Set up the Visual Editor correctly. In Storyblok's settings, configure the preview URL to point to your local dev server (https://localhost:4321). The storyblokEditable helper adds the data attributes needed for the editor to highlight components.
Use the "resolve_relations" parameter. When content references other stories (like author profiles or related posts), pass resolve_relations: "blogPost.author" in your API call to get the full data in one request.
Configure webhooks for rebuilds. Under Settings > Webhooks, set up a trigger that fires when stories are published. Point it at your hosting platform's deploy hook.

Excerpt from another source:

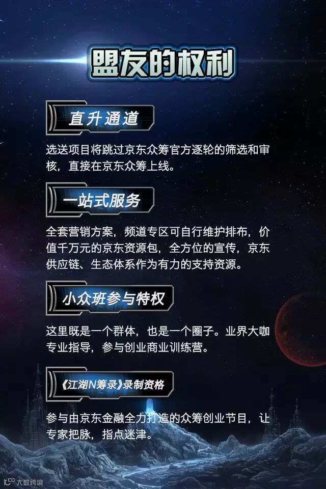 盟友条约中清楚的规定,按照盟友推荐的项目估值总额,将级别划分为钻石级盟友、黄金级盟友和白银级盟友三大类别。每个级别的盟友将享受不同的优厚待遇,总体来说包括快速众筹直升通道、营销传播一站式服务、业内大咖专业指导以及创业节目录制资格。
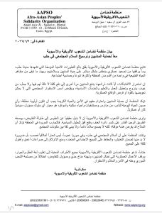 وفي ختام بيانها، دعت منظمة تضامن الشعوب الأفريقية الآسيوية جميع الأطراف المعنية إلى ضبط النفس، ووقف العمليات العسكرية التي تمس المدنيين، والعمل على تهيئة مناخ جاد ومسؤول للحوار والمفاوضات، بما يراعي المصالح العليا للشعب السوري وحقه المشروع في الأمن والسلام والاستقرار..

Separate draft and published content. Use version: "draft" during development and version: "published" in production. This lets editors preview changes without affecting the live site.
Alternatives to Consider
- Sanity if you prefer schema-as-code and real-time collaboration without a visual page builder.
- DatoCMS if you want a simpler form-based CMS with excellent image optimization built in.
- Contentful if you need a larger integration ecosystem and enterprise features like content approval workflows.
Wrapping Up
Storyblok and Astro work well together, especially when your content team needs visual editing capabilities. The official integration handles most of the boilerplate, the component mapping system keeps your code organized, and the image service means you do not need a separate media pipeline. If your editors want to see their changes in real time before publishing, this is the CMS to pick.